The basic mode is actually quite simple: the user name and password are combined as user:password. This string is then encoded in base 64 and passed to the provider through the HTTP authorization header, as the following example demonstrates:
GET /sdata/myApp/myContract/-/customers HTTP/1.1 Host: localhost Authorization: Basic QWxhZGRpbjpvcGVuIHNlc2FtZQ==
The server decodes the Authorization header, extracts the user name and password and sets the authorization accordingly. If the user name or password is invalid, the server responds with a 401 Unauthorized response.
The digest mode is more complex. A good description can be found in the wikipedia article.

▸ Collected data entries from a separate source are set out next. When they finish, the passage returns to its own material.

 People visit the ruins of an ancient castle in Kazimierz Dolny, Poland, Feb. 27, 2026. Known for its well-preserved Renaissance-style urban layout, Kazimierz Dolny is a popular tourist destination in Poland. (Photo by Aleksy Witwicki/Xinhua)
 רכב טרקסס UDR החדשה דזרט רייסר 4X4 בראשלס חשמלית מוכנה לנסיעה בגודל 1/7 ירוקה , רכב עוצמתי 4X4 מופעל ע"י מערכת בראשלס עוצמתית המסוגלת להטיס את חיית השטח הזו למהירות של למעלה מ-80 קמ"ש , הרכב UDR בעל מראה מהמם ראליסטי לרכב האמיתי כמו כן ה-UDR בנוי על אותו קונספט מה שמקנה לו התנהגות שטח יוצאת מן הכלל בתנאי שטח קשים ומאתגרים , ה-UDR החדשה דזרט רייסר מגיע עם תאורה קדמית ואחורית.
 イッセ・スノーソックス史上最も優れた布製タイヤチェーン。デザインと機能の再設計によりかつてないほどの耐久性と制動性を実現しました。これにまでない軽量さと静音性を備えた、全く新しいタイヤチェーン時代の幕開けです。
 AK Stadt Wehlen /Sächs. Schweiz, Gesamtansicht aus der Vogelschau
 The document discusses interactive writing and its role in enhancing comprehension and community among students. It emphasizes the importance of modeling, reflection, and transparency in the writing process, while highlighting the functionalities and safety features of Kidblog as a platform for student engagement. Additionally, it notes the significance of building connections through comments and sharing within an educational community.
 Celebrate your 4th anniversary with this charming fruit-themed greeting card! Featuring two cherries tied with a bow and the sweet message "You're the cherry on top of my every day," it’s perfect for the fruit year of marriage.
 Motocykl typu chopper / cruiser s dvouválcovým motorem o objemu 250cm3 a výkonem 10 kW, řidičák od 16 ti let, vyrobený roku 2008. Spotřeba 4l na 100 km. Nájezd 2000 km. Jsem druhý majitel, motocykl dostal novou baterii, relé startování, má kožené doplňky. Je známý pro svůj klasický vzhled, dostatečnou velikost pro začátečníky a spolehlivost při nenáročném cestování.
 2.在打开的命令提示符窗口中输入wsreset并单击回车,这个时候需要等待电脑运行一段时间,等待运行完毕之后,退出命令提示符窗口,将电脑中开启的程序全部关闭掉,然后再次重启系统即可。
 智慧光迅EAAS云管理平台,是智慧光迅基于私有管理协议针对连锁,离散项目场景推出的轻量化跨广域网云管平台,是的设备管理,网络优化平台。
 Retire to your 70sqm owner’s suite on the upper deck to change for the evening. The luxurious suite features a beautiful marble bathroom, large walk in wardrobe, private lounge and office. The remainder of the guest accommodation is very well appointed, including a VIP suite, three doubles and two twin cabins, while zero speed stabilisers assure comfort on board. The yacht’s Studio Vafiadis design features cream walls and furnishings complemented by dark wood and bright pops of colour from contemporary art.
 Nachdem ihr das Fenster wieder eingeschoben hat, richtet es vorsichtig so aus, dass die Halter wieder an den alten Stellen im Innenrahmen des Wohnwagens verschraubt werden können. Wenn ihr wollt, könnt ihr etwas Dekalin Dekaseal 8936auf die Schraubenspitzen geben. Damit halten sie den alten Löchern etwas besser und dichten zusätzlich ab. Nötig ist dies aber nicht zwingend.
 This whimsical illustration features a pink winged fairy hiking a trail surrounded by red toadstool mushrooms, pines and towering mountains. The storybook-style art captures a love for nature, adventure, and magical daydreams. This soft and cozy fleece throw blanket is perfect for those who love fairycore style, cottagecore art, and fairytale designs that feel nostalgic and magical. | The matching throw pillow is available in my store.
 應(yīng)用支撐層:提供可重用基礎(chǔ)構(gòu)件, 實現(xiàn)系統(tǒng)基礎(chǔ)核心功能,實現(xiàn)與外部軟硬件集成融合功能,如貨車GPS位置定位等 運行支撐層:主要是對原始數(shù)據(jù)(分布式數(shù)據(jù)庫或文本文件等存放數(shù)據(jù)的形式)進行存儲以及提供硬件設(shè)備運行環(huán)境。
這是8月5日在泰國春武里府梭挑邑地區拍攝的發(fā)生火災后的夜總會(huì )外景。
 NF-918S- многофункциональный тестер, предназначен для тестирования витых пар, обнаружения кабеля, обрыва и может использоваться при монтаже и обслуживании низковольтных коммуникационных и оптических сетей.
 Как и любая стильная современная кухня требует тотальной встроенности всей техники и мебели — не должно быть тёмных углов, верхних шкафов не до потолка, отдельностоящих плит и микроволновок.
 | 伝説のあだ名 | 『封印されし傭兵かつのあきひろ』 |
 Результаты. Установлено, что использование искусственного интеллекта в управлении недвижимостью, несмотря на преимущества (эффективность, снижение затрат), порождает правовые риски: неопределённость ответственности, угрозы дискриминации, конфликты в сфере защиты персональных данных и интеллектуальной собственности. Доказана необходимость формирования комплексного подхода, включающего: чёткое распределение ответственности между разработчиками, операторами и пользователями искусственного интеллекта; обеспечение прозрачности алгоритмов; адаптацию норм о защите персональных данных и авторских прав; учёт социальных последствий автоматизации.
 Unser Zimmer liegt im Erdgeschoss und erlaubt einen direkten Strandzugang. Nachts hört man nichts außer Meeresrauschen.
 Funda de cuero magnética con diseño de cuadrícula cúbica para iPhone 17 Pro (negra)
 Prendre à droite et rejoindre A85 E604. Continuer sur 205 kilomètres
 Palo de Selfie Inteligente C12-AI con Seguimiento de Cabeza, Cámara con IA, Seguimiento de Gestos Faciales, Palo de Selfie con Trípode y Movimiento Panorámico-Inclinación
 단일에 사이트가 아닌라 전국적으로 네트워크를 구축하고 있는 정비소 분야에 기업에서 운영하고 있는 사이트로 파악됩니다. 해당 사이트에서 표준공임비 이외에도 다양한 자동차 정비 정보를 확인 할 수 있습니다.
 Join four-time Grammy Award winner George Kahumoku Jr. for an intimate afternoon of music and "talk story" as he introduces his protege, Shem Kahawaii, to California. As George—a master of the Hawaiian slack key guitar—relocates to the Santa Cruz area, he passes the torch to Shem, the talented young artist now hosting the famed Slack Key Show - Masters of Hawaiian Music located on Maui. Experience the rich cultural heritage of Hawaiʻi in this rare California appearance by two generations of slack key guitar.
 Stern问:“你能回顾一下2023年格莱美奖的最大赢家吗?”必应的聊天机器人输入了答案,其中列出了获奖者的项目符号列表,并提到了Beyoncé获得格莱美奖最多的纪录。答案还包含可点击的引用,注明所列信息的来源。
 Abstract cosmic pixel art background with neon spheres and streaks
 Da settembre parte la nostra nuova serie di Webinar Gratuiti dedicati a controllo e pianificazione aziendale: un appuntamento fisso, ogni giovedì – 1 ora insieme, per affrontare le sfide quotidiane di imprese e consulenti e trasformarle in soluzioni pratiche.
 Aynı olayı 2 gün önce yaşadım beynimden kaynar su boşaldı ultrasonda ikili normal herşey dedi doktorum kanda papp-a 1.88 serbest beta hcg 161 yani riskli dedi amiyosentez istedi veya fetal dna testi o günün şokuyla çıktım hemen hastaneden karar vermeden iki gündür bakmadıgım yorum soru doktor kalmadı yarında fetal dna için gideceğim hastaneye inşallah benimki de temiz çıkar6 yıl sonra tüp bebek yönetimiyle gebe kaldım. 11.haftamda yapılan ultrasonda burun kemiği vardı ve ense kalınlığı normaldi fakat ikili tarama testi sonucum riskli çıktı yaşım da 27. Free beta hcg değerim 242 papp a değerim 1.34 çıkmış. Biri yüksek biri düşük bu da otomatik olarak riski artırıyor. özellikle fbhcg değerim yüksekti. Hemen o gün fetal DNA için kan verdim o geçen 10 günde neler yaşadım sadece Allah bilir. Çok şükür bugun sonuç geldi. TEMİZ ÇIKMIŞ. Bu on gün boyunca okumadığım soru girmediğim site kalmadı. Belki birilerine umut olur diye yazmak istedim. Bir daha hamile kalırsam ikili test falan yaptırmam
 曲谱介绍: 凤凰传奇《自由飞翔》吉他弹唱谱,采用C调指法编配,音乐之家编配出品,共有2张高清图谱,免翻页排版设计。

HTTP authentication is built into the standard HTTP infrastructure. Unless they implement the HTTP layer themselves, teams that implement SData providers or consumers don't need to worry about the low level protocol details. They just need to know the API to pass the credentials if they implement the consumer side, and the API to verify them if they implement the producer side.
xmlhttp.open("GET", "http://www.example.com/sdata/myApp/myContract/-/customers", false, "admin", "sesame");
The consumer side doesn't need to worry about whether the provider requires basic or digest authentication. The HTTP protocol incorporates an exchange of information so that the consumer component selects the correct authentication mode. Components such as XMLHttpRequest do this automatically.
SData providers SHOULD use HTTP authentication, digest or basic, unless they use a more secure protocol like Sage SSO. HTTP basic SHOULD NOT be used over the internet, unless the communication is secured by HTTPS.